Data Protection and Privacy Law Issues

Responses to COVID-19 raise a number of European and U.S. data privacy and data protection concerns. Key considerations include:

  • Restrictions on data collection and use. As businesses consider new information collection and analysis activities to address COVID-19 risks, they should consider any applicable statutory, regulatory and contractual restrictions on collection from, and uses of, certain data sources or data types. They should also consider how best to mitigate risks for the businesses that are associated with the collection and use of such data as an integral part of their COVID-19 action plans.
  • Sufficiency of existing privacy policies and notices. Businesses will want to consider whether existing privacy policies and notices are sufficient to cover the data to be collected for purposes of COVID-19 response from employees, visitors, customers and other data subjects, and the processing of such data.
  • Legal grounds for processing. From a European privacy law perspective, employers should consider the application of the European Union's (EU) General Data Protection Regulation (GPDR) and laws in different EU countries and the UK and determine the legal ground under the GDPR to process employee, visitor and customer personal data, and — in particular — health data. From a GDPR perspective, an employer will generally not be able to rely on an employee's consent, but it may be able to rely on a combination of other GDPR grounds including legitimate interest, legal obligation and employment law grounds (where processing health data). The ability to rely on these grounds and other requirements may differ in different European countries.
  • Protocols for information practices.
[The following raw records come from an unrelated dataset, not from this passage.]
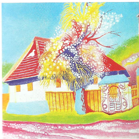
SOMOGYI GYŐZŐ: Nyáradszelei házak, 2006

Képzőművészet, hagyományörzés, ökológikus gondolkodás, paraszti gazdálkodás, a hit ereje és a közösségépítő, fenntartó értékek újrafogalmazása – mindez együtt látható a közel hetven köz- és magángyűjteményből válogatott, több mint hatszáz alkotást bemutató, a Kossuth-díjas festőművész, grafikusművész, a Magyar Művészeti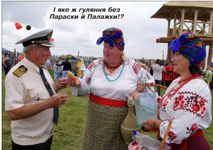
І яке ж гуляння без Параски й Палажки!?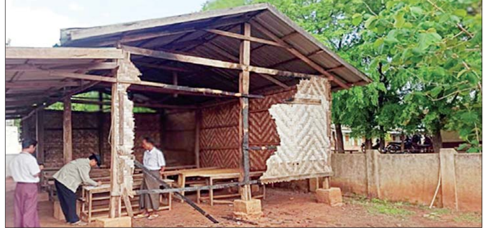
ရမည်းသင်းမြို့နယ် ကျောက်ဖူးကျေးရွာရှိ အခြေခံပညာအထက်တန်းကျောင်း မီးရှို့ခံရမှုကို တွေ့ရစဉ်။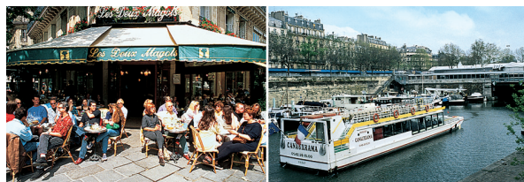
Gauche Les Deux Magots Droite Visite des canaux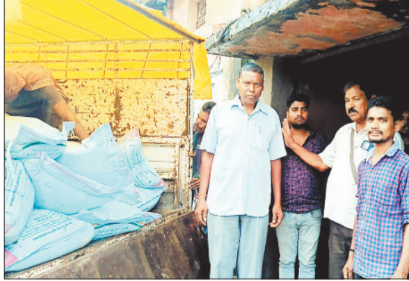
किसानों को कृषक उन्नति योजना का लाभ मिलेगा, इसका किसानों ने स्वागत करते हुए कहा कि इस निर्णय से छत्तीसगढ़ में खेती का दायरा बढ़ेगा और किसान समृद्ध होंगे। सहकारिता विभाग से मिली जानकारी के अनुसार किसान खाद और बीज लेने के लिए तपकरी, कांसाबेल, चांदीरबाहर, और कुनकुरी सहकारी समिति पहुंचे थे जहां किसान ने खाद का उठाव किया गया।

जशपुरनगर। किसानों के लिए खेती बाड़ी का सीजन चालू हो गया है। मुख्यमंत्री विष्णुदेव साय ने सभी किसानों को खाद और बीज समय पर उपलब्ध कराने के निर्देश दिए हैं। जिले के सहकारी समितियों के माध्यम से खाद और बीज प्राथमिकता के साथ उपलब्ध करा रही है। इसके अलावा अल्पकालिन ऋण की सुविधा मुहैया करा रही है, ताकि किसान वर्ग निश्चित होकर खेती कर सकें। राज्य सरकार द्वारा किसानों के हित में लिए गए निर्णयों की वजह से उनमें खेती के लिए अलग ही उत्साह भी नजर आ रहा है। छत्तीसगढ़ शासन द्वारा किसानों को अब धान के बदले दलहन, तिलहन, मक्का आदि के फसल लगाने वाले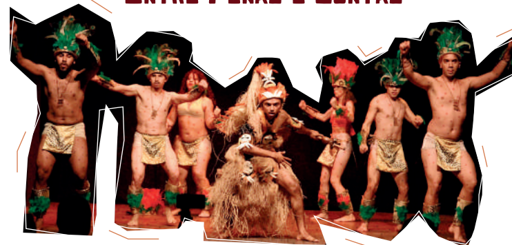
Oré Anacã - Grupo de Dança Popular da UFC

O espetáculo reúne danças tradicionais brasileiras de influência étnica negra e indígena, como o boi bumbá, carimbó, siriri, afoxé, frevo, maracatu, congado, reisado, entre outras. O espetáculo será apresentado pela primeira vez em Sobral.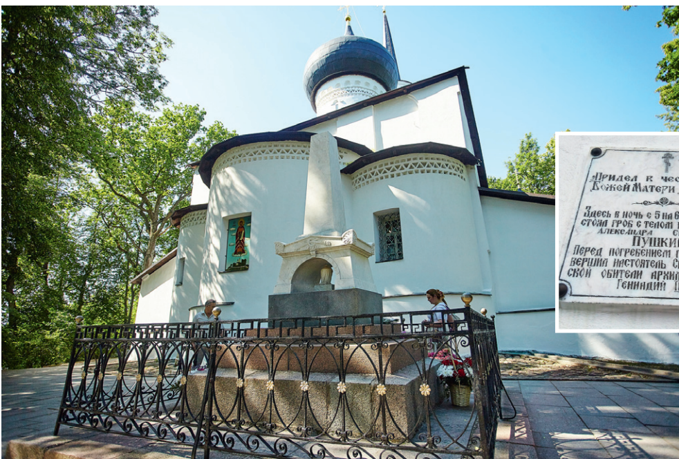
Могила А. С. Пушкина у алтарной стены Святогорского монастыря

Известно, что последним земным приютом великого поэта стал древний Святогорский монастырь. Сюда Пушкин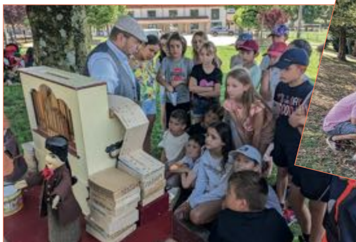
Le Relais Petite Enfance Vourey ainsi que les enfants du périscolaire ont pu pique-niquer aux sons de l'orgue de Barberie.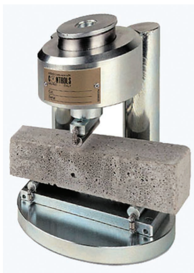
Рис. 2. Пресс

В проведенных экспериментах по определению предела прочности при изгибе был использован пресс (рис. 2). Образец располагался на опорах, удаление которых от центра прилагаемой нагрузки составляло 50 мм (возможная погрешность – 0,15 мм). Образец размещали таким образом, чтобы поверхность, на которую должен опираться образец, при изготовлении была вертикальной [1]. Нагрузку, прилагаемую к середине образца, увеличивали постепенно. Величина нагрузки изменялась со скоростью 50 Н/с. В момент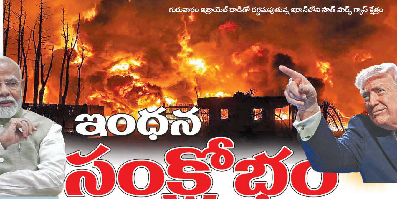
గురువారం ఇజ్రాయల్ దాడితో దగ్ధమవుతున్న ఇరాన్ లోని సౌత్ పార్స్ గ్యాస్ క్షేత్రం

దాడులు ఆపాలి ఇరాన్ కు 12 దేశాల అర్జీమేటం లయాన్ లో అరబ్, ఇస్రామిక్ దేశాల విదేశాంగ మంత్రుల భేటీ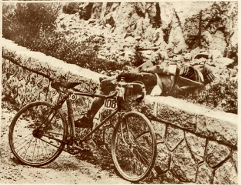
Obrazek z „Tour de France”: zawodnik wyczerpany trudnościami górskiej szosy rezygnuje z wyniku i odpoczywa przy drodze.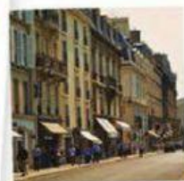
LE F AUBOURG- SAINT-HONORÉ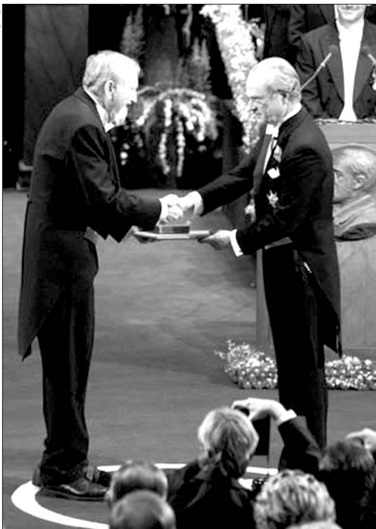
Clive Granger al recibir el n6bel de econom1a

En sntesis, y bajo determinadas condiciones, parecer1a factible someter a verificaci6n econom6trica algunas hip6tesis te6ricas, aunque evitando el mecanicismo consistente en la pretensi6n de medir una hip6tesis te6rica con los par6metros de una ecuaci6n estadística.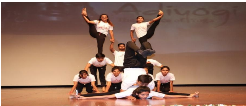
Our Faculty and students attended the Teacher's Day Programme on 05 th September 2019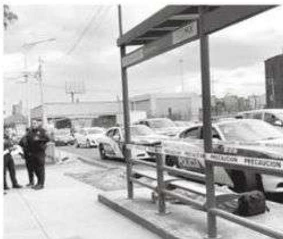
Otra tragedia citadina

· Al parecer el sujeto murió de un paro cardíaco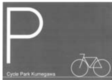
案内板イメージ図

輪場（☎396・7543） ②東村山駅西口地下・第1駐輪場（☎396・7559） 駐輪場の位置左図①・②参照 問地域安全課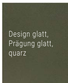
Design glatt, Prägung glatt, quarz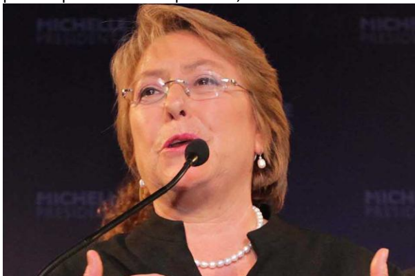
La candidata presidencial de la Nueva Mayoría Michelle Bachelet.

Santiago, Chile, viernes 19 de julio de 2013, El Mercurio.- Bachelet descarta cita con Capriles: No nos podremos juntar por problemas de agenda. La candidata presidencial además calificó como "correcta" la decisión del PPD de bajar la candidatura del ex ministro Víctor Manuel Rebolledo. "Chile requiere de la política pero de buena política", sostuvo.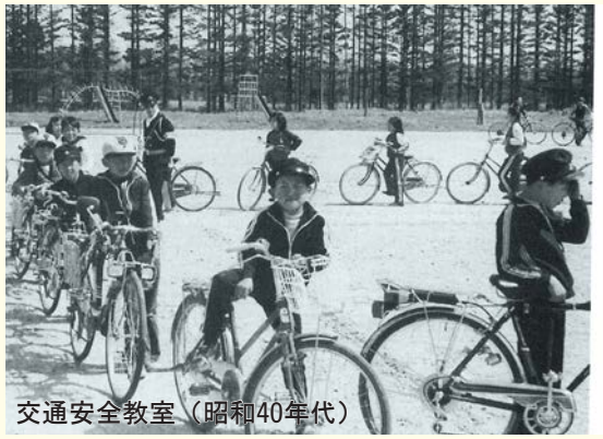
交通安全教室（昭和40年代）

To help mitigate some of the data-related risks noted above, businesses may wish to establish prudential protocols for the manner in which they will collect, use, secure, retain and share any information collected as part of COVID-19 response efforts, particularly any information related to health and other sensitive data. Businesses should consider GDPR and other legal requirements, such as taking appropriate information security measures and applying data minimization, particularly given the potential sensitivity of health data, as well as legally compliant retention periods (e.g., data on a person who is shown not to have visited a restricted country or area).
  • International data transfers. Businesses in Europe and the UK should consider whether employee, visitor or customer data processed for COVID-19 purposes will be transferred by the business or by a vendor outside of the European Economic Area/UK. If such data will be transferred, are the contemplated transfers covered under an appropriate GDPR data transfer mechanism?
  • Privacy impact assessments. Businesses covered by the GDPR in particular will want to consider whether a data privacy impact assessment is required (or advisable) to conduct the new data-related activities needed for responding to COVID-19.

The content of this article is intended to provide a general guide to the subject matter. Specialist advice should be sought about your specific circumstances.